Revision as of 21:04, 27 May 2023

Problem

Line segment $\overline{AB}$ is a diameter of a circle with $AB = 24$. Point $C$, not equal to $A$ or $B$, lies on the circle. As point $C$ moves around the circle, the centroid (center of mass) of $\triangle ABC$ traces out a closed curve missing two points. To the nearest positive integer, what is the area of the region bounded by this curve?

$\textbf{(A) } 25 \qquad \textbf{(B) } 38  \qquad \textbf{(C) } 50  \qquad \textbf{(D) } 63 \qquad \textbf{(E) } 75$

Solution 1

For each $\triangle ABC,$ note that the length of one median is $OC=12.$ Let $G$ be the centroid of $\triangle ABC.$ It follows that $OG=\frac13 OC=4.$

As shown below, $\triangle ABC_1$ and $\triangle ABC_2$ are two shapes of $\triangle ABC$ with centroids $G_1$ and $G_2,$ respectively: [asy] /* Made by MRENTHUSIASM */ size(200); pair O, A, B, C1, C2, G1, G2, M1, M2; O = (0,0); A = (-12,0); B = (12,0); C1 = (36/5,48/5); C2 = (-96/17,-180/17); G1 = O + 1/3 * C1; G2 = O + 1/3 * C2; M1 = (4,0); M2 = (-4,0);  draw(Circle(O,12)); draw(Circle(O,4),red);  dot("$O$", O, (3/5,-4/5), linewidth(4.5)); dot("$A$", A, W, linewidth(4.5)); dot("$B$", B, E, linewidth(4.5)); dot("$C_1$", C1, dir(C1), linewidth(4.5)); dot("$C_2$", C2, dir(C2), linewidth(4.5)); dot("$G_1$", G1, 1.5*E, linewidth(4.5)); dot("$G_2$", G2, 1.5*W, linewidth(4.5)); draw(A--B^^A--C1--B^^A--C2--B); draw(O--C1^^O--C2); dot(M1,red+linewidth(0.8),UnFill); dot(M2,red+linewidth(0.8),UnFill); [/asy] Therefore, point $G$ traces out a circle (missing two points) with the center $O$ and the radius $\overline{OG},$ as indicated in red.

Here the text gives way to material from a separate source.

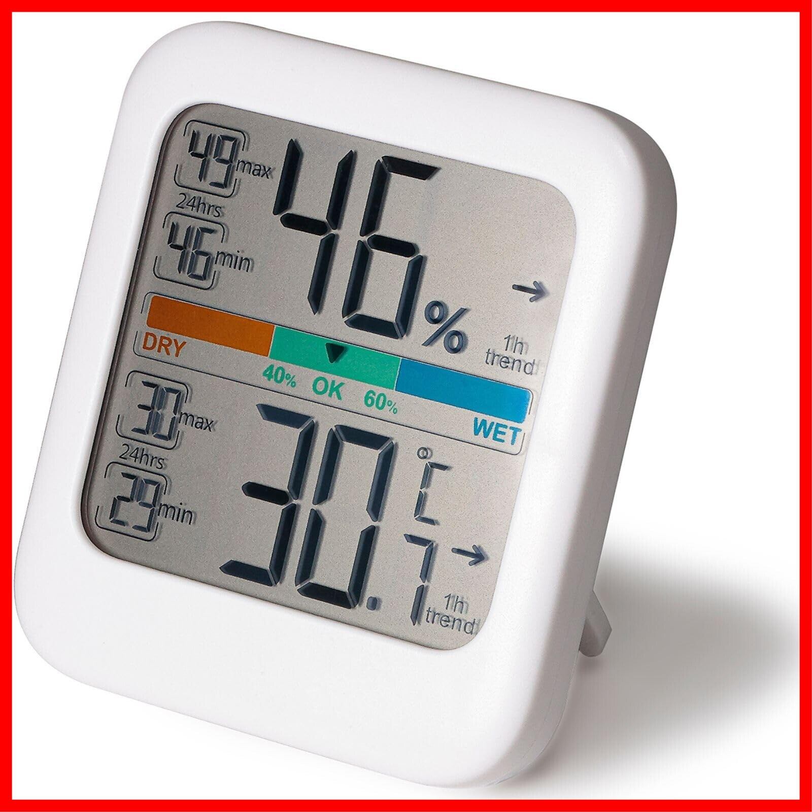 【シンプルで見やすい温湿度計】コンパクトなボディに最高最低温湿度の表示機能が付いたデジタル温湿度計。お部屋の温湿度環境のモニタリングにおすすめです。

To the nearest positive integer, the area of the region bounded by the red curve is $\pi\cdot OG^2=16\pi\approx\boxed{\textbf{(C) } 50}.$

~MRENTHUSIASM

Solution 2

We assign coordinates. Let $A = (-12,0)$, $B = (12,0)$, and $C = (x,y)$ lie on the circle $x^2 +y^2 = 12^2$. Then, the centroid of $\triangle ABC$ is $G = \left(\frac{-12 + 12 + x}{3}, \frac{0 + 0 + y}{3}\right) = \left(\frac x3,\frac y3\right)$. Thus, $G$ traces out a circle with a radius $\frac13$ of the radius of the circle that point $C$ travels on. Thus, $G$ traces out a circle of radius $\frac{12}{3} = 4$, which has area $16\pi\approx \boxed{\textbf{(C) } 50}$.

Solution 3

First we can draw a few conclusions from the given information. Firstly we can see clearly that the distance from the centroid to the center of the circle will remain the same no matter $C$ is on the circle. Also we can see that because the two legs of every triangles will always originate on the diameter, using inscribed angle rules, we know that $\angle C = \frac{180^\circ}{2} = 90^\circ$. Now we know that all triangles $ABC$ will be a right triangle. We also know that the closed curve will simply be a circle with radius equal to the centroid of each triangle. We can now pick any arbitrary triangle, calculate its centroid, and the plug it in to the area formula. Using a $45^\circ$-$45^\circ$-$90^\circ$ triangle in conjunction with the properties of a centroid, we can quickly see that the length of the centroid is $4$ now we can plug it in to the area formula where we get $16\pi\approx\boxed{\textbf{(C) } 50}$.

Video Solution (HOW TO THINK CRITICALLY!!!)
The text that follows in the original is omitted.